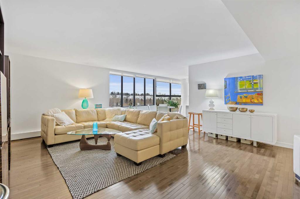 RARE LOCATION- RENOVATED in 2014 IN CALGARY'S MOST PREFERRED CONDO LOCATION...the "PREMIERE" Location on the Elbow River -next to The Grandview + The River. High floor, single level home - 2 bedroom, 2 bathroom unit with Large WINDOWS ON 3 SIDES of the suite to capture it all - with EXPANSIVE views of the Downtown skyline, East of Stampede grounds, Sunny south views of the Elbow River! Located on the River Promenade only a short walk to 4th Street, Glencoe club and downtown! This unit has been renovated with flat finish ceilings, espresso hardwood flooring, granite counters and backsplash! As you enter the well regarded Riverstone Complex you are greeted by a secure building with excellent concierge. On the main floor there is a gym, pool with 2 hot tubs, saunas, party room, library, tennis courts just outside party room. There is a carwash in the parkade and numerous visitor stalls. You have an stall in the secure, underground parkade and storage locker. As you make you way up to the 7th floor you enter into a large foyer, Living room with hardwood floors, bar in nook area, the views are serene and can be enjoyed in every room in the unit! There is a formal dining room, 2 large bedrooms, walk in closet in the primary with a 5 piece en suite. There is a 3 piece washroom with vessel mount sink. The kitchen has built in stove top, oven - high end appliances. Behind the kitchen is a pantry, laundry and additional storage! These South facing units are extremely desirable in this complex with views unmatched! This is truly a one of a kind opportunity to be in this coveted location!!
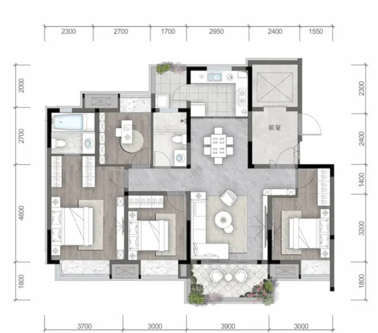 核心亮点:4 室 2 厅 2 卫布局,南北通透,客餐厅与阳台一体化设计,实现阳光与空气对流;朝南主卧开间 3.7 米,配备独立衣帽间与卫生间,满足隐私需求;双套房三卫设计(含长辈房独立卫浴),适配三代同堂家庭,得房率约 103%-107.9%,空间利用率超高;
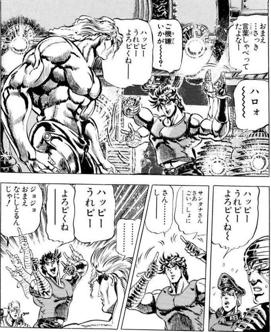 目上の人間に対しても常に茶化すような接し方をする。心理トリックじみた台詞回しをよく行う(ジョセフ「次におまえは○○と言う」「次のてめーの台詞は○○だ」→相手「○○…ハッ!」)。
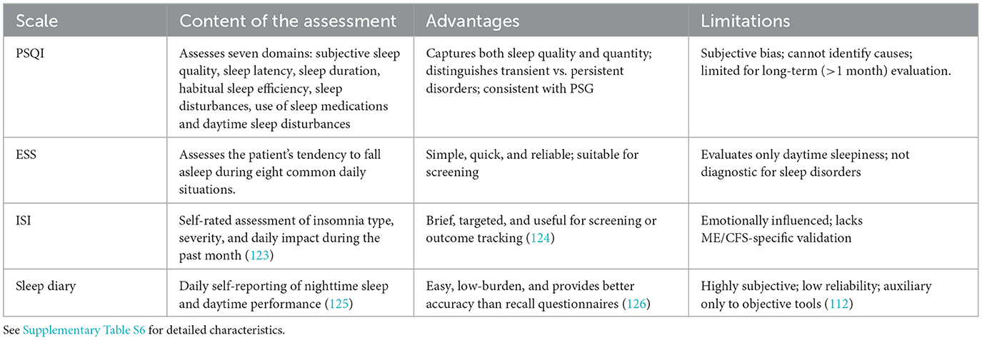 Castro-Marrero et al. (114) used the PSQI to assess sleep quality and its impact on quality of life in Spanish ME/CFS patients, while Wei et al. (115) applied it to examine insomnia severity and circadian rhythm alterations associated with serum factors in ME/CFS. Although the PSQI reflects subjective sleep perception and cannot determine the specific etiology of sleep disturbance (116), it assesses both qualitative and quantitative aspects of sleep, differentiates transient from persistent insomnia, and demonstrates strong concordance with PSG findings (117). Owing to its practicality, psychometric validity, and broad applicability, the PSQI remains a reliable and versatile instrument for clinical and research evaluation of sleep in ME/CFS.
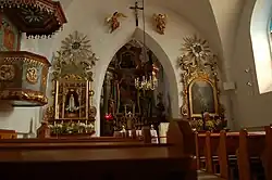 Der Hochaltar aus 1745 ist ein Säulenretabel, leicht geschwungen mit einem vorgestellten Säulenpaar, mit einem verkröpften Gesims und Opfergangsportalen mit großen Engelsfiguren. Das Hochaltarblatt hl. Jakobus der Ältere malte Josef Keßler (1881) und trägt eine Renovierungsnennung mit 1908. Der Auszug zeigt das Bild hl. Johannes Nepomuk mit zwei Engeln. Der Altar trägt flankierend die Statuen Florian und Donatus und seitlich des Auszuges die Statuen Johannes Evangelist und Antonius von Padua. Die Gnadenmadonna als barocke Kopie stammt aus Wien-Döbling. Die Orgel aus 1895 mit 10 Registern stammt von Albert Mauracher.[1]
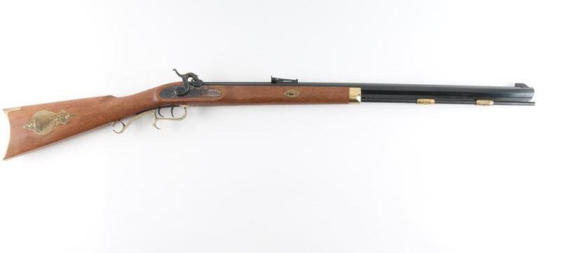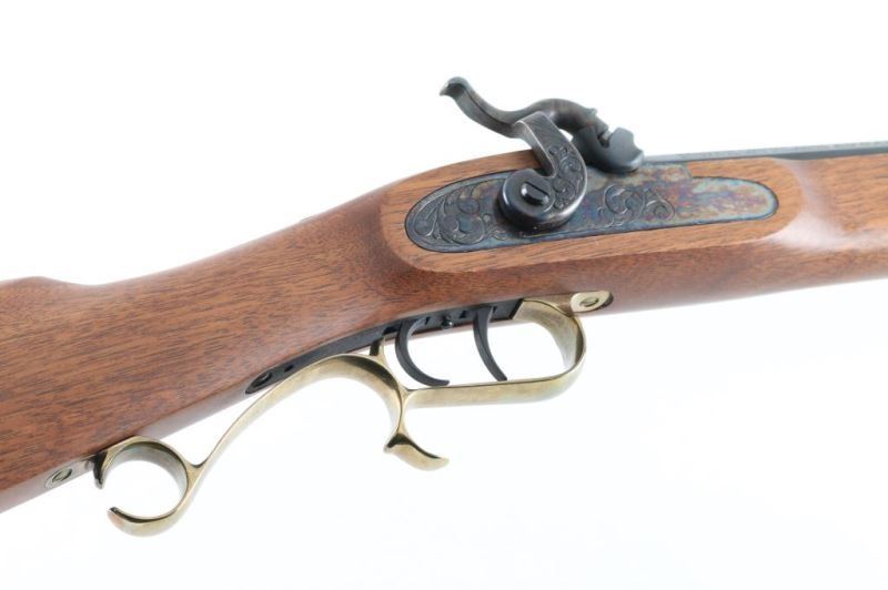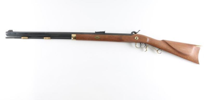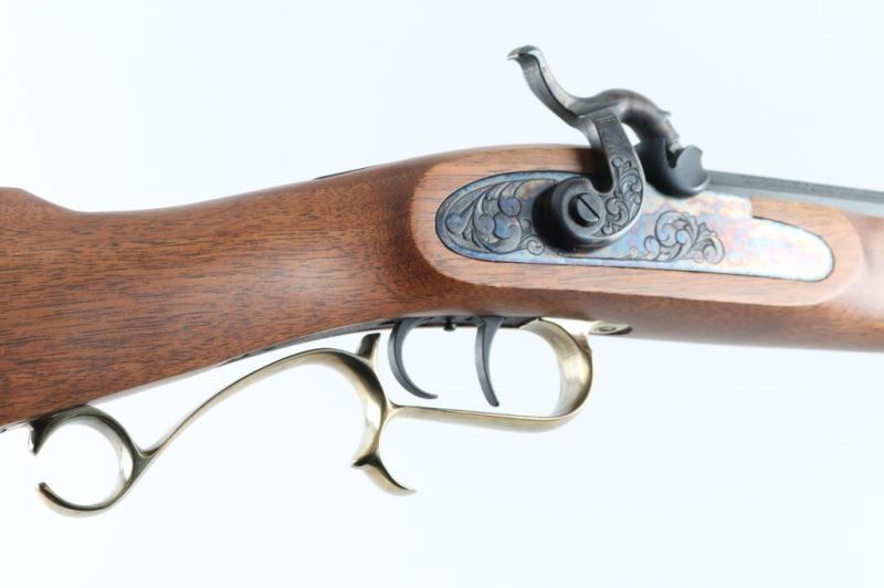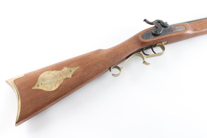 Rifle. Single-Shot. Blackpowder, percussion rifle. A copy of the famous "Hawken". 28" octagon barrel with post/bead front and adjustable u-notch rear sights. Blued polished barrel. Case-hardened lock plate/hammer. Solid brass triggerguard, patch box, butt plate, fore cap, and ramrod rings. American walnut stock with left contoured cheek piece. Fully adjustable triggers function as double set or single stage. Bore appears excellent, but dusty. Two-stage hammer locks up tight. Metal finish is near excellent. Wood is very good with with some minor dings. Brass is tarnished and needs to be polished. NRA Condition-Near Excellent. Antique Firearm.
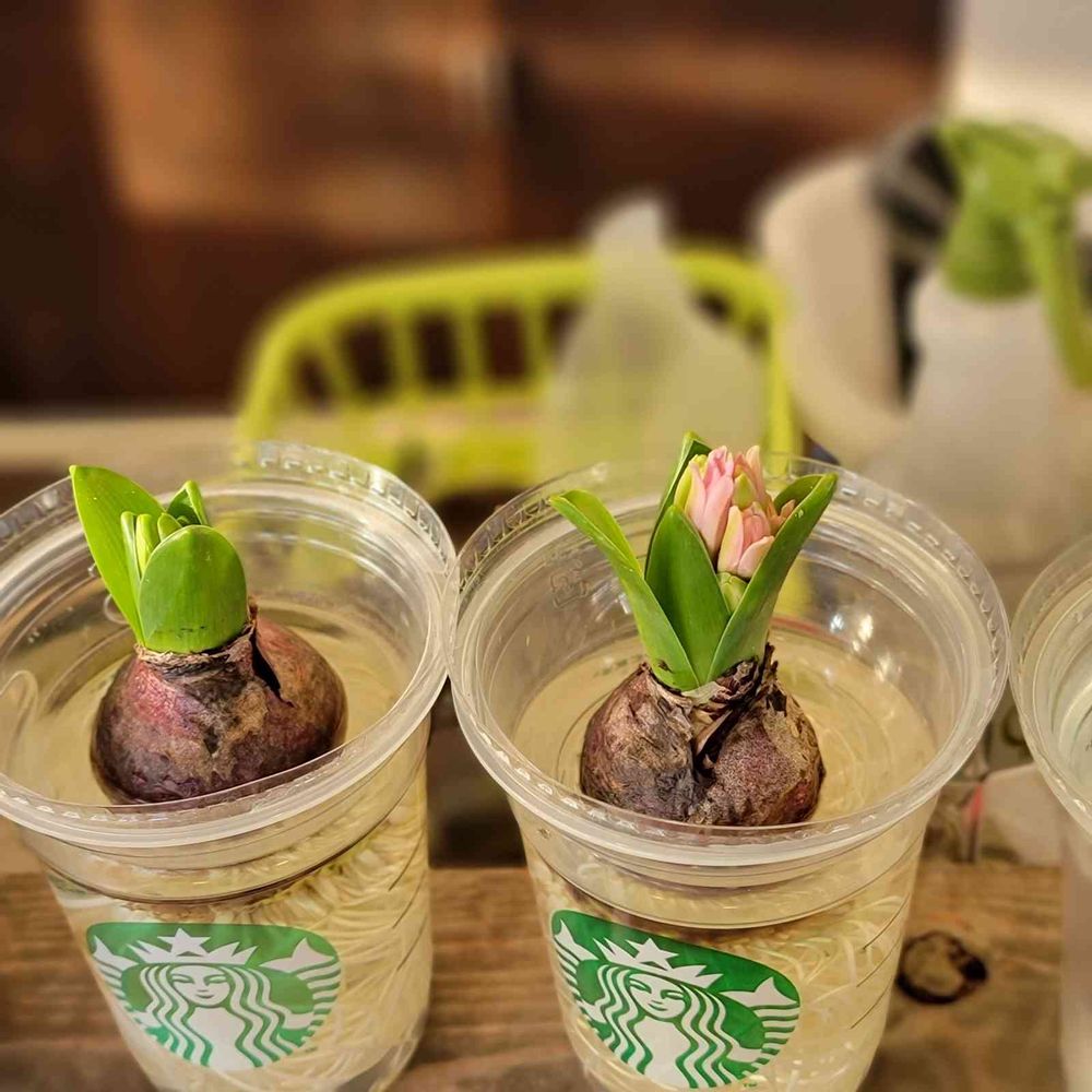 飲み物のカップでの栽培、良いですね(๑•᎑<๑)

_ _ _

Task goal
Restate the entire listing word for word, excluding pictures.

Answer box
 RARE LOCATION- RENOVATED in 2014 IN CALGARY'S MOST PREFERRED CONDO LOCATION...the "PREMIERE" Location on the Elbow River -next to The Grandview + The River. High floor, single level home - 2 bedroom, 2 bathroom unit with Large WINDOWS ON 3 SIDES of the suite to capture it all - with EXPANSIVE views of the Downtown skyline, East of Stampede grounds, Sunny south views of the Elbow River! Located on the River Promenade only a short walk to 4th Street, Glencoe club and downtown! This unit has been renovated with flat finish ceilings, espresso hardwood flooring, granite counters and backsplash! As you enter the well regarded Riverstone Complex you are greeted by a secure building with excellent concierge. On the main floor there is a gym, pool with 2 hot tubs, saunas, party room, library, tennis courts just outside party room. There is a carwash in the parkade and numerous visitor stalls. You have an stall in the secure, underground parkade and storage locker. As you make you way up to the 7th floor you enter into a large foyer, Living room with hardwood floors, bar in nook area, the views are serene and can be enjoyed in every room in the unit! There is a formal dining room, 2 large bedrooms, walk in closet in the primary with a 5 piece en suite. There is a 3 piece washroom with vessel mount sink. The kitchen has built in stove top, oven - high end appliances. Behind the kitchen is a pantry, laundry and additional storage! These South facing units are extremely desirable in this complex with views unmatched! This is truly a one of a kind opportunity to be in this coveted location!!
 核心亮点:4 室 2 厅 2 卫布局,南北通透,客餐厅与阳台一体化设计,实现阳光与空气对流;朝南主卧开间 3.7 米,配备独立衣帽间与卫生间,满足隐私需求;双套房三卫设计(含长辈房独立卫浴),适配三代同堂家庭,得房率约 103%-107.9%,空间利用率超高;
 目上の人間に対しても常に茶化すような接し方をする。心理トリックじみた台詞回しをよく行う(ジョセフ「次におまえは○○と言う」「次のてめーの台詞は○○だ」→相手「○○…ハッ!」)。
 Castro-Marrero et al. (114) used the PSQI to assess sleep quality and its impact on quality of life in Spanish ME/CFS patients, while Wei et al. (115) applied it to examine insomnia severity and circadian rhythm alterations associated with serum factors in ME/CFS. Although the PSQI reflects subjective sleep perception and cannot determine the specific etiology of sleep disturbance (116), it assesses both qualitative and quantitative aspects of sleep, differentiates transient from persistent insomnia, and demonstrates strong concordance with PSG findings (117). Owing to its practicality, psychometric validity, and broad applicability, the PSQI remains a reliable and versatile instrument for clinical and research evaluation of sleep in ME/CFS.
 Der Hochaltar aus 1745 ist ein Säulenretabel, leicht geschwungen mit einem vorgestellten Säulenpaar, mit einem verkröpften Gesims und Opfergangsportalen mit großen Engelsfiguren. Das Hochaltarblatt hl. Jakobus der Ältere malte Josef Keßler (1881) und trägt eine Renovierungsnennung mit 1908. Der Auszug zeigt das Bild hl. Johannes Nepomuk mit zwei Engeln. Der Altar trägt flankierend die Statuen Florian und Donatus und seitlich des Auszuges die Statuen Johannes Evangelist und Antonius von Padua. Die Gnadenmadonna als barocke Kopie stammt aus Wien-Döbling. Die Orgel aus 1895 mit 10 Registern stammt von Albert Mauracher.[1]
 Rifle. Single-Shot. Blackpowder, percussion rifle. A copy of the famous "Hawken". 28" octagon barrel with post/bead front and adjustable u-notch rear sights. Blued polished barrel. Case-hardened lock plate/hammer. Solid brass triggerguard, patch box, butt plate, fore cap, and ramrod rings. American walnut stock with left contoured cheek piece. Fully adjustable triggers function as double set or single stage. Bore appears excellent, but dusty. Two-stage hammer locks up tight. Metal finish is near excellent. Wood is very good with with some minor dings. Brass is tarnished and needs to be polished. NRA Condition-Near Excellent. Antique Firearm.
 飲み物のカップでの栽培、良いですね(๑•᎑<๑)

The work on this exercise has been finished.